+++ DATA FOR THIS TASK
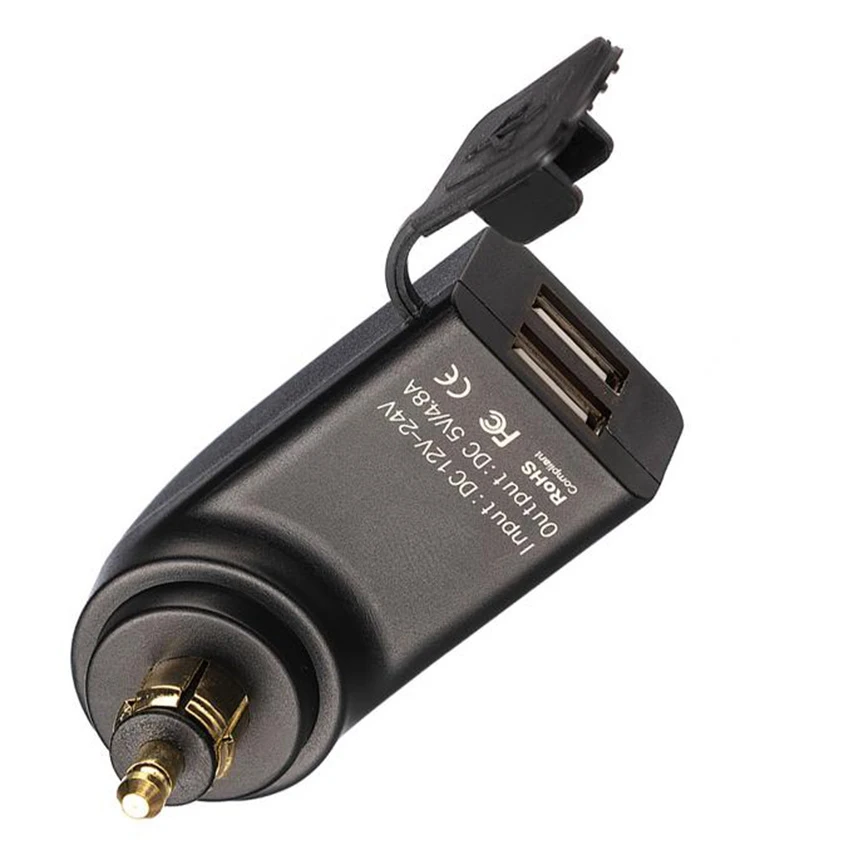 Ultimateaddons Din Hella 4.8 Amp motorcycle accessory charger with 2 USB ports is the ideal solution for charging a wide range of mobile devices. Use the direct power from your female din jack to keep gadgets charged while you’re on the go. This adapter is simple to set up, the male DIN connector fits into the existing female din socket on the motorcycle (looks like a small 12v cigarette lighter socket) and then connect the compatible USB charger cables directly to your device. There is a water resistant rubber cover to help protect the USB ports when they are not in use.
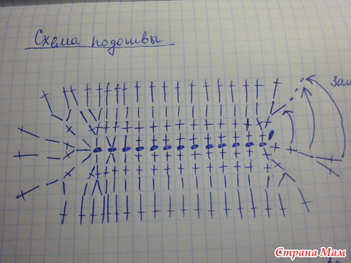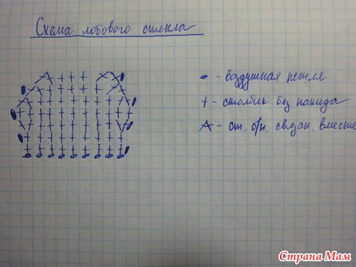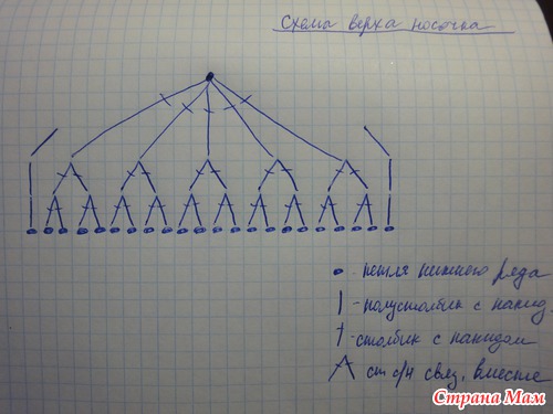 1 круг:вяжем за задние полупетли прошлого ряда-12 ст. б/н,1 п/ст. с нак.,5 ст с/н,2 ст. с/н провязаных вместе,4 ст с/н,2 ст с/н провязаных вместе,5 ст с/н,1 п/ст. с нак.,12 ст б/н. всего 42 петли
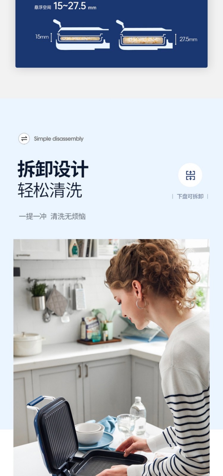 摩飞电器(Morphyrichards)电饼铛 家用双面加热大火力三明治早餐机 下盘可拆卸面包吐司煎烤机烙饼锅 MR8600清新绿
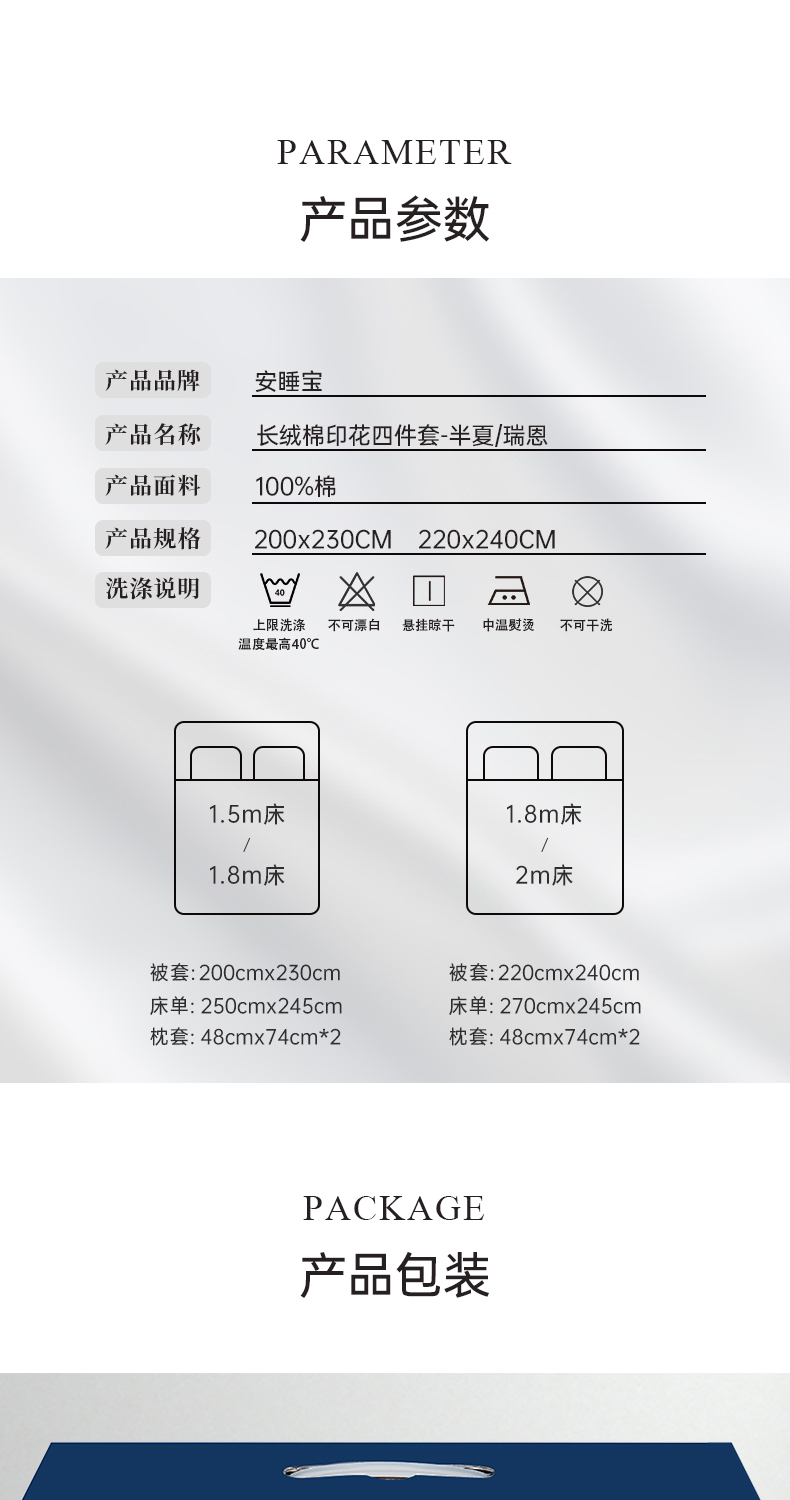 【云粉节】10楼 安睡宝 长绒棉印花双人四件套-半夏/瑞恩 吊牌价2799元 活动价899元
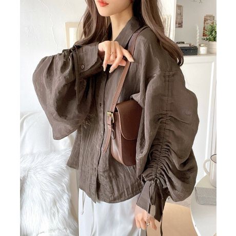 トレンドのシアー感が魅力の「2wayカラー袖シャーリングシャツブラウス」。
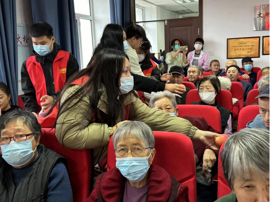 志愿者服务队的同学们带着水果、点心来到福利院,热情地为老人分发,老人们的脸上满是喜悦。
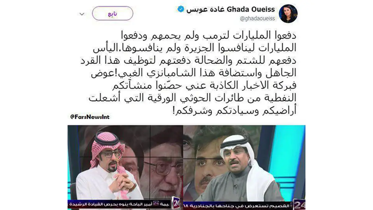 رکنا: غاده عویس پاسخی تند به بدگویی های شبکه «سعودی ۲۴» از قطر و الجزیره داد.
++++++
+++ DATA FOR THIS TASK
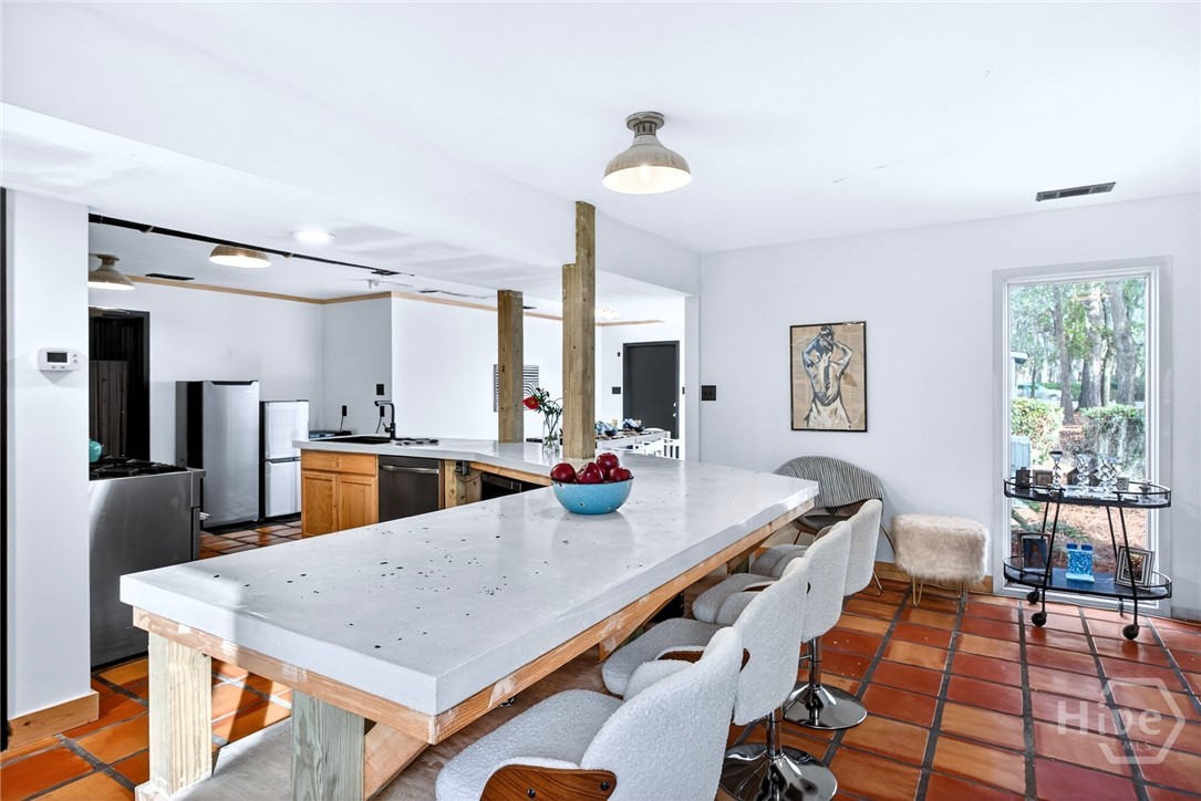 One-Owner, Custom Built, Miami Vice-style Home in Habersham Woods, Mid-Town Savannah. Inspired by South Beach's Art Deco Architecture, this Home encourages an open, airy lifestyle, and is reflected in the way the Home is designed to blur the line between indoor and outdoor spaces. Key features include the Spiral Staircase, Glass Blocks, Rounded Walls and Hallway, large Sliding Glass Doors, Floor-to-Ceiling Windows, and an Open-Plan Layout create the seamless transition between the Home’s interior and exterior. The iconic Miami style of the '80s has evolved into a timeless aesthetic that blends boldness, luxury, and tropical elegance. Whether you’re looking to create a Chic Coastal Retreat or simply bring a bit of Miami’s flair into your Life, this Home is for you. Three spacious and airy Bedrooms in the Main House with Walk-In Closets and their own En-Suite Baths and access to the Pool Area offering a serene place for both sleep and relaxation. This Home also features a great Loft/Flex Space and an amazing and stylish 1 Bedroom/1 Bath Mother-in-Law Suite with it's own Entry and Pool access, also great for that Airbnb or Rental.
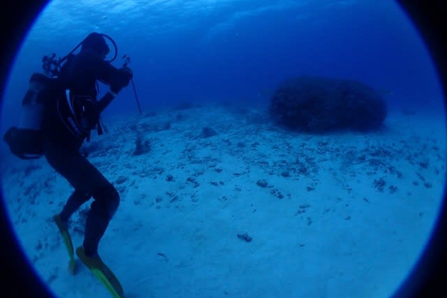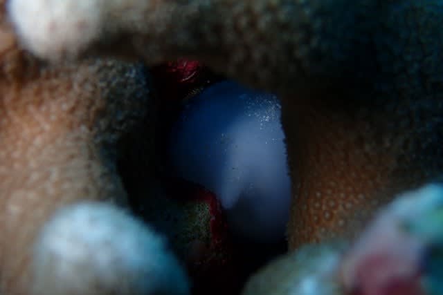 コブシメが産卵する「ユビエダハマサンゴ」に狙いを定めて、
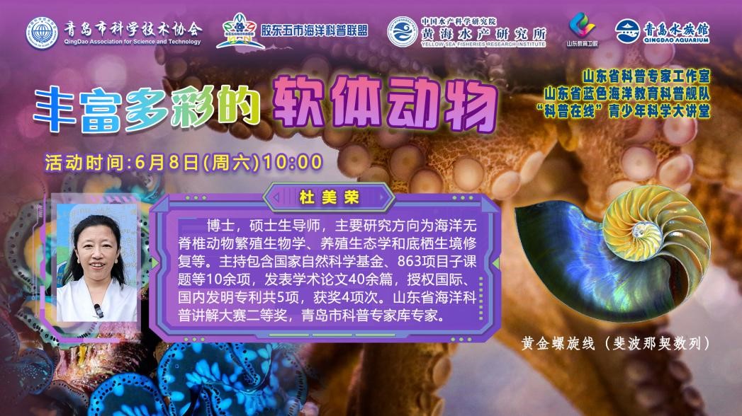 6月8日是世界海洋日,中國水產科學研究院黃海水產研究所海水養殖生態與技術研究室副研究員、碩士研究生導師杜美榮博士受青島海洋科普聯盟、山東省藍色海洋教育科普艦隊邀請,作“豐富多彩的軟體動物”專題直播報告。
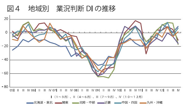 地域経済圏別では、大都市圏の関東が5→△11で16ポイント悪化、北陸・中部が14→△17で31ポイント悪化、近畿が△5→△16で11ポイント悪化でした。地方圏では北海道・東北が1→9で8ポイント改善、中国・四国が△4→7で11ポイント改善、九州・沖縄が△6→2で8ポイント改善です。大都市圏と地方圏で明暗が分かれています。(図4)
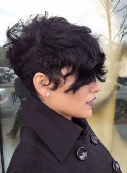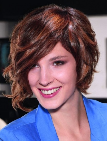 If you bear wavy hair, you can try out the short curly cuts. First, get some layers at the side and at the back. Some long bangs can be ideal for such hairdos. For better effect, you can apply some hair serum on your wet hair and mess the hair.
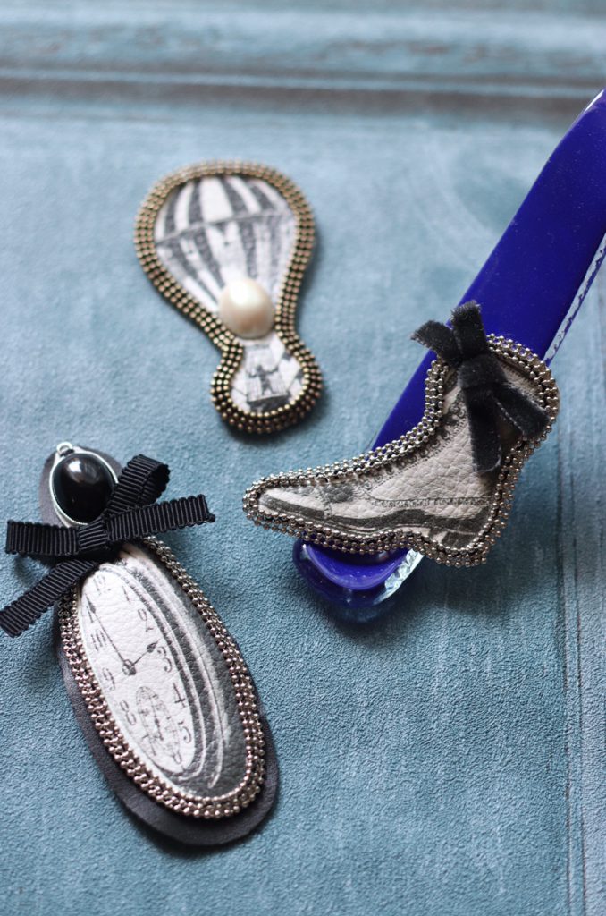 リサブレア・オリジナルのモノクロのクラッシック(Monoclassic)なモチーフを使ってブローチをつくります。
++++++
+++ DATA FOR THIS TASK
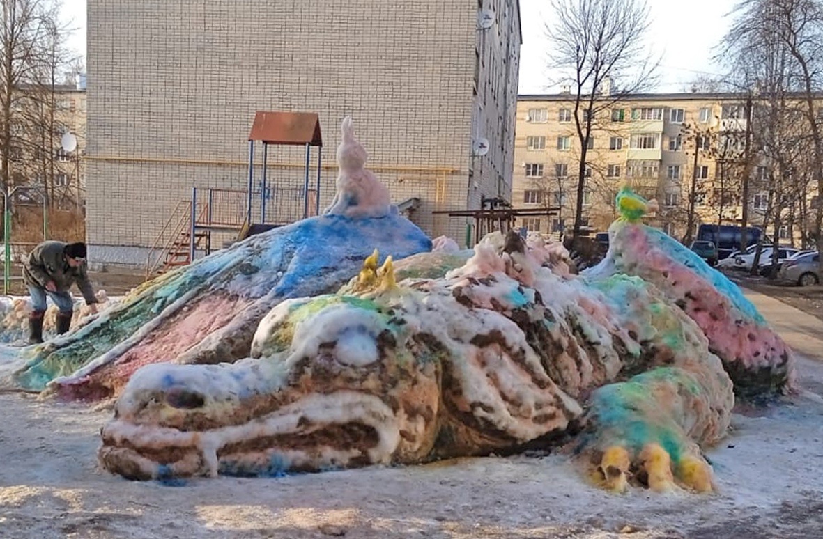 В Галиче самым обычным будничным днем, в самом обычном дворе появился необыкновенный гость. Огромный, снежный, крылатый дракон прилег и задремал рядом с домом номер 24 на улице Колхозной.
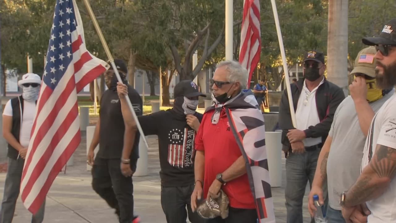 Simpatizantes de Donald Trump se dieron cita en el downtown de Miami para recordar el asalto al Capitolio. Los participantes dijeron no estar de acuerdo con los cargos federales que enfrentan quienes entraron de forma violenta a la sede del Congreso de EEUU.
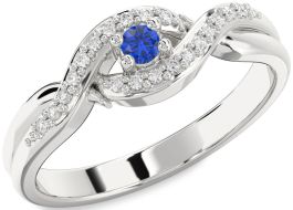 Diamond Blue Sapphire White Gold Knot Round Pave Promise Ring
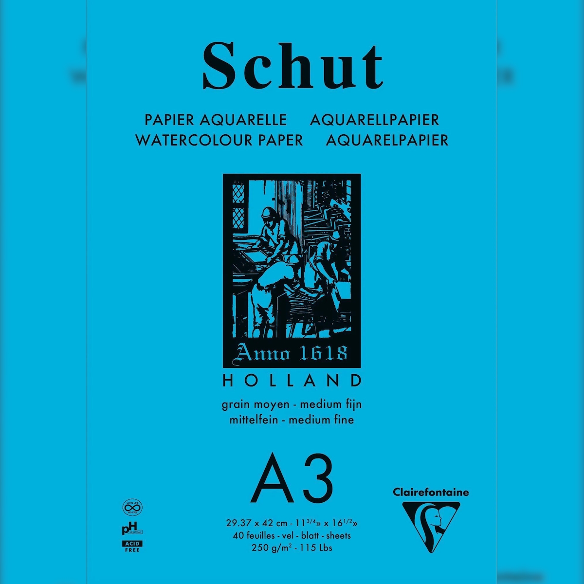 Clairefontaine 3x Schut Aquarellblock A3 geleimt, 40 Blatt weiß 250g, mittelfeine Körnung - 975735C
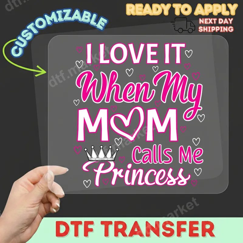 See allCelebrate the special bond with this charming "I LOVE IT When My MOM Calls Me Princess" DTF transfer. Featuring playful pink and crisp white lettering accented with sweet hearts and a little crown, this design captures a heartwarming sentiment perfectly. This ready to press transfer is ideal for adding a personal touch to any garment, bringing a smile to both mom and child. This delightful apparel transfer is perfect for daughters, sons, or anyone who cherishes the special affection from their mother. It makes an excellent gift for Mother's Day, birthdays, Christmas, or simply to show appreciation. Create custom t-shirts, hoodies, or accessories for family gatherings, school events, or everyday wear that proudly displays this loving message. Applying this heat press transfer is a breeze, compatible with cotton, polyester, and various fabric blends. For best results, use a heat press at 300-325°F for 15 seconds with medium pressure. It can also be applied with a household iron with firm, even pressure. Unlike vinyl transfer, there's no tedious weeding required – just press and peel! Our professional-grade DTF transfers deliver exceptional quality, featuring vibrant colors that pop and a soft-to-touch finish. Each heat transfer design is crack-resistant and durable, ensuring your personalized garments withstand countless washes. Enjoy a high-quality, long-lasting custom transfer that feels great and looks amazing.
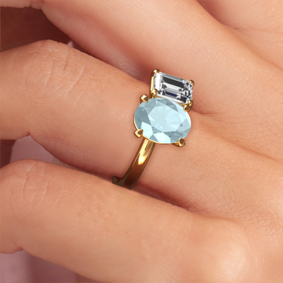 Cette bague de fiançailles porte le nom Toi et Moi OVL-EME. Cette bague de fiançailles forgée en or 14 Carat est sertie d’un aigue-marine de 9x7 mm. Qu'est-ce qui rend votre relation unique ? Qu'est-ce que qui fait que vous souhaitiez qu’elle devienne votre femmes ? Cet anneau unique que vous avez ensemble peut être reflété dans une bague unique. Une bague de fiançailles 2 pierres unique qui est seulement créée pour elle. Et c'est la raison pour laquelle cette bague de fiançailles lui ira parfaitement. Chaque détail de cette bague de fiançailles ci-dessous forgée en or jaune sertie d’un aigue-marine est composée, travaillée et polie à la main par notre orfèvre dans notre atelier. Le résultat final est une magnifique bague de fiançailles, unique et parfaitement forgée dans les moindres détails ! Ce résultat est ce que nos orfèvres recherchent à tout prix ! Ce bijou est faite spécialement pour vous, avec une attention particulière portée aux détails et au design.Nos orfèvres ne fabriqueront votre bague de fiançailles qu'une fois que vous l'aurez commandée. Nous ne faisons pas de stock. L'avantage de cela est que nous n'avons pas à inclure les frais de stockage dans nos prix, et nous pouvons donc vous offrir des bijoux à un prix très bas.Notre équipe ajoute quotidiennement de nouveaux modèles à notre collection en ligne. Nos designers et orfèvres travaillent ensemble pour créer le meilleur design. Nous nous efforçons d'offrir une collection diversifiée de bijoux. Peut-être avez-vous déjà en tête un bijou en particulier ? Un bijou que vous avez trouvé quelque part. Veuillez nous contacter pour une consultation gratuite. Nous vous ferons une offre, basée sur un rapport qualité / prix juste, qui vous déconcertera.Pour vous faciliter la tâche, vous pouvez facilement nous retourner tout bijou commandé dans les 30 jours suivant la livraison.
++++++
## [EXERCISE PROMPT]
Each line above starting at the one holding "摩飞电器(Morphyrichards)电饼铛 家用双面加热大火力三明治早餐机 下盘可拆卸面包吐司煎烤机烙饼锅" and ending at the one holding "رکنا: غاده عویس" should be set down exactly as it stands, both ends included, with no pictures.

## [PROBLEM SOLUTION]
 摩飞电器(Morphyrichards)电饼铛 家用双面加热大火力三明治早餐机 下盘可拆卸面包吐司煎烤机烙饼锅 MR8600清新绿
 【云粉节】10楼 安睡宝 长绒棉印花双人四件套-半夏/瑞恩 吊牌价2799元 活动价899元
 トレンドのシアー感が魅力の「2wayカラー袖シャーリングシャツブラウス」。
 志愿者服务队的同学们带着水果、点心来到福利院,热情地为老人分发,老人们的脸上满是喜悦。
 رکنا: غاده عویس پاسخی تند به بدگویی های شبکه «سعودی ۲۴» از قطر و الجزیره داد.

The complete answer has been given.